AI Risk

Third-Party AI Vendor Risk Assessment: Due Diligence Framework and Questionnaire

Table of Contents

TL;DR

  • When a vendor deploys AI in the service they provide you, your SR 11-7 model risk responsibilities follow — you can’t outsource accountability
  • Standard TPRM questionnaires weren’t built for AI: they miss training data bias, drift monitoring, hallucination rates, and model change notifications
  • The U.S. Treasury’s Financial Services AI RMF (February 2026) formalizes evidence-based AI vendor assessment as an expectation for financial institutions
  • Six areas of AI-specific due diligence — plus the contract provisions that actually protect you if a vendor’s model fails

Your bank partner’s compliance team just sent a questionnaire. One of the new items: “Describe your due diligence process for third-party AI vendors, including how you assess model performance, bias risk, and ongoing monitoring.” You’ve got a solid TPRM program — 300 vendors, tiered assessments, annual reviews. None of your questionnaires have the word “hallucination” in them.

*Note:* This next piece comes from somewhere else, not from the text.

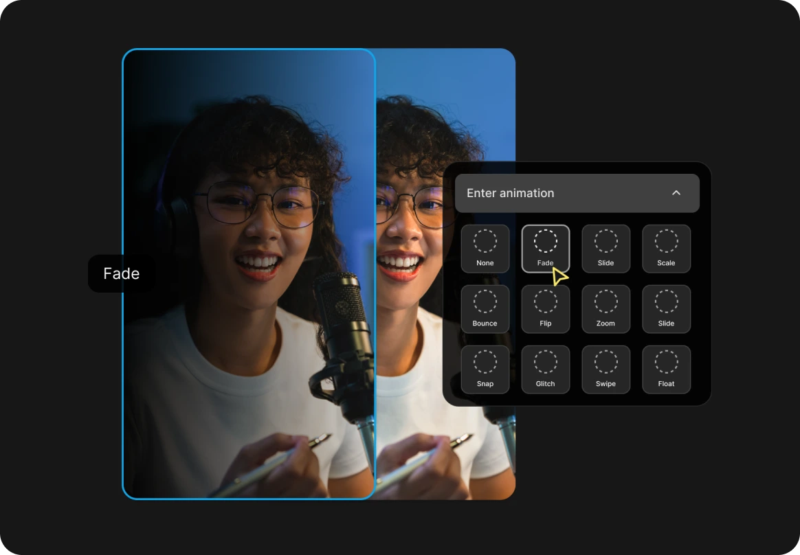 Say goodbye to hard cuts. Add smooth transitions to clips with enter/exit animations that make your edits feel cinematic. Choose from subtle fades to dynamic slides, all adjustable inside the video panel.

That gap is exactly what regulators are starting to probe. Here’s the framework for closing it.

Why Your Existing TPRM Program Doesn’t Cover AI Risk

Traditional vendor due diligence was designed to assess vendors whose software does predictable, documented things. It covers availability and uptime, security controls, data handling practices, business continuity capabilities, and regulatory compliance posture.

AI vendors introduce a different risk category. When a vendor deploys an AI model in the service they provide your institution, you’re not just relying on a system — you’re relying on a model whose outputs depend on training data quality, parameter choices, bias characteristics, and ongoing behavioral stability. Those risks don’t appear on a standard security questionnaire.

SR 11-7, the Federal Reserve and OCC’s model risk management guidance, is unambiguous: model risk management responsibilities apply regardless of whether the model is developed internally or acquired externally. “Trust the vendor” is not a defensible posture under SR 11-7.

The GAO’s May 2025 report on AI oversight in financial services (GAO-25-107197) found that financial regulators — OCC, Federal Reserve, FDIC, CFPB — all expect institutions to apply model risk management and third-party risk principles to AI, including vendor-supplied AI. The report noted that institutions bear the burden of determining how these frameworks apply to their specific vendor AI arrangements.

On February 19, 2026, the U.S. Department of the Treasury released the Financial Services AI Risk Management Framework (FS AI RMF), a non-binding but significant document that explicitly aligns with SR 11-7 and formalizes evidence-based vendor AI assessment as an expectation for financial institutions. The FS AI RMF calls for independent testing, bias audits, hallucination measurement, and security testing — not questionnaire responses alone.

The FINRA 2025 Annual Regulatory Oversight Report flagged third-party risk — with AI as an emerging concern — as a key area of examination focus for broker-dealers.

How to Tier AI Vendors by Risk Level

Not every vendor with an AI feature warrants the same scrutiny. Tiering your AI vendor population lets you concentrate enhanced due diligence where it actually matters.

Tier 1 — Critical AI Vendors: Vendors whose AI directly affects credit decisions, fraud determinations, compliance screening, customer communications about financial products, or regulatory reporting. These require full AI-specific due diligence — documentation review, independent testing where feasible, and enhanced contract provisions. SR 11-7 validation principles apply at this tier.

Tier 2 — Material AI Vendors: Vendors using AI in non-decision-critical workflows that still touch customer data or regulated activities — AI-assisted document review, risk monitoring tools, workflow automation. Standard AI questionnaire coverage with annual review and contract AI provisions.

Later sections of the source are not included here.